Sr. Site Reliablity Engineer - Billing PlatformApply
Twilio's Billing Platform captures, stores, and processes global event data reliably at scale, and makes this data available to Twilio and the market for a large set of products and services.
About the job:
As a Senior SRE, you will be a core contributor and face some of the most complex challenges in distributed data systems at scale.
- Create a resilient and highly operable production environment with 24x7 availability, high performance, scalable and zero downtime releases in AWS environment.
- Manage large MySQL database clusters and NoSQL systems such as Redis, DynamoDB, and Cassandra.
- Manage regional deployments and set up disaster recovery of Kafka data pipelines, systems and stores in AWS environment.
- Collaborate with Engineers to create a continuous delivery environment and processes.
- Instrument and monitor the health and availability of services, with fault detection, alerting, triage and recovery (automated and manual).
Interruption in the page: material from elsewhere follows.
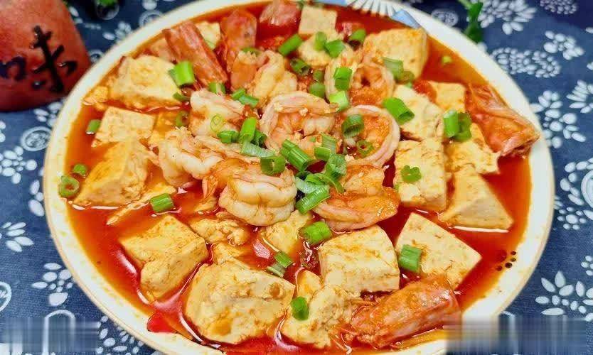 食材:豆腐、鲜虾、西红柿、葱、姜、生抽、食用油。

- Work closely with Twilio’s cloud infrastructure, orchestration, and security teams to help implement company-wide security and operability initiatives and to provide tooling requirements.
- Performance manage (with benchmarking and monitoring of vital metrics), capacity plan, and resolve performance problems affecting service levels.
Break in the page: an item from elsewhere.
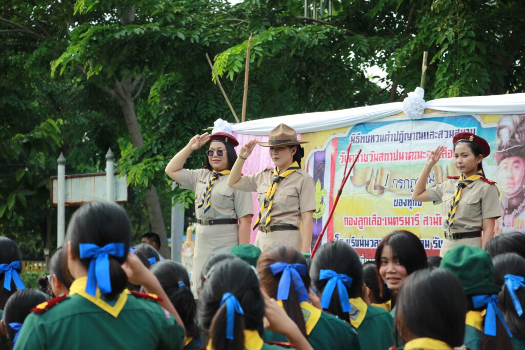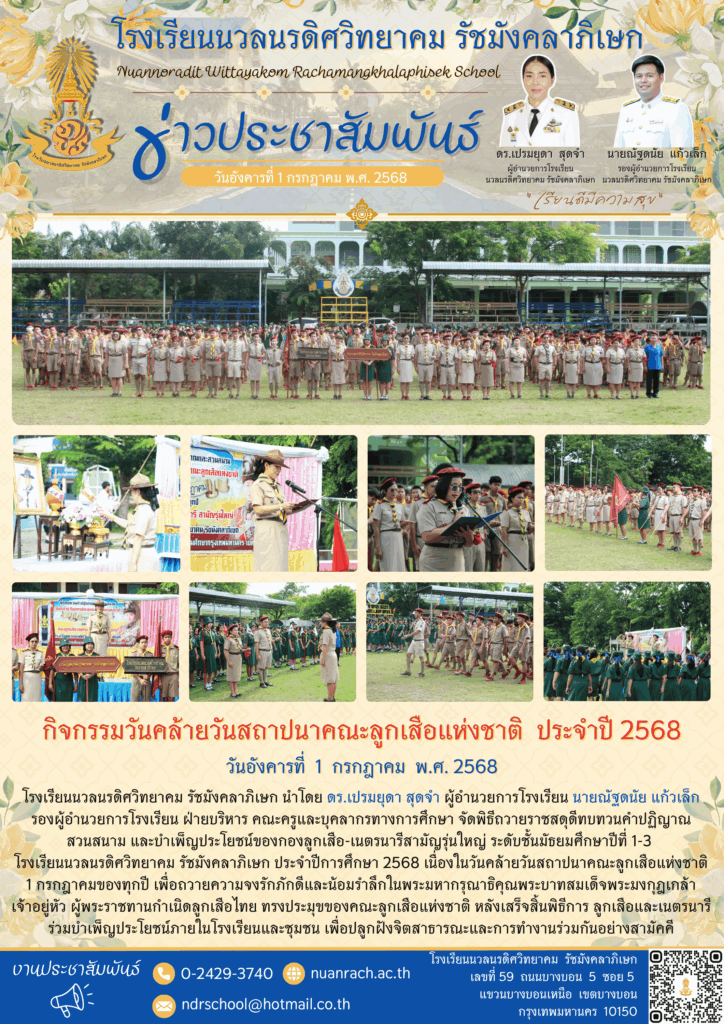 ✨ นำโดย ดร.เปรมยุดา สุดจำ ผู้อำนวยการโรงเรียน นายณัฐดนัย แก้วเล็ก รองผู้อำนวยการโรงเรียน ฝ่ายบริหาร คณะครูและบุคลากรทางการศึกษา จัดพิธีถวายราชสดุดีทบทวนคำปฏิญาณสวนสนาม และบำเพ็ญประโยชน์ของกองลูกเสือ-เนตรนารีสามัญรุ่นใหญ่ ระดับชั้นมัธยมศึกษาปีที่ 1-3 โรงเรียนนวลนรดิศวิทยาคม รัชมังคลาภิเษก ประจำปีการศึกษา 2568 เนื่องในวันคล้ายวันสถาปนาคณะลูกเสือแห่งชาติ 1 กรกฎาคมของทุกปี เพื่อถวายความจงรักภักดีและน้อมรำลึกในพระมหากรุณาธิคุณพระบาทสมเด็จพระมงกุฎเกล้าเจ้าอยู่หัว ผู้พระราชทานกำเนิดลูกเสือไทย ทรงประมุขของคณะลูกเสือแห่งชาติ หลังเสร็จสิ้นพิธีการ ลูกเสือและเนตรนารี ร่วมบำเพ็ญประโยชน์ภายในโรงเรียนและชุมชน เพื่อปลูกฝังจิตสาธารณะและการทำงานร่วมกันอย่างสามัคคี

- Write scripts and runbooks to automate procedures.
- Enable auto-scaling.
- Your background will be that of Senior Engineer who has had considerable experience in a highly-complex technical operations environment with cloud-based services.
- Minimum 5+ years experience building complex distributed systems. In this role, you focused on reliability, high-availability, performance, scalability, capacity planning, backup and recovery, business continuity planning and automation of everything.
- Strong Amazon AWS experience in a production environment.
- Experience with managing and automating configuration of MySQL database clusters.
- Hands-on experience with cloud infrastructure technologies, including continuous integration tools, configuration management, systems monitoring and alerting tools.
- Experience with managing systems in distributed regions in the cloud or on-site.
- Adept at troubleshooting and administering Linux systems, dealing with networking issues, and fine tuning instrumentation and alerting systems.
- Demonstrated experience of agile processes, continuous integration, test automation and release management.
- Significant development experience in at least one modern scripting language, preferably Python.
- Exceptional communication and troubleshooting skills.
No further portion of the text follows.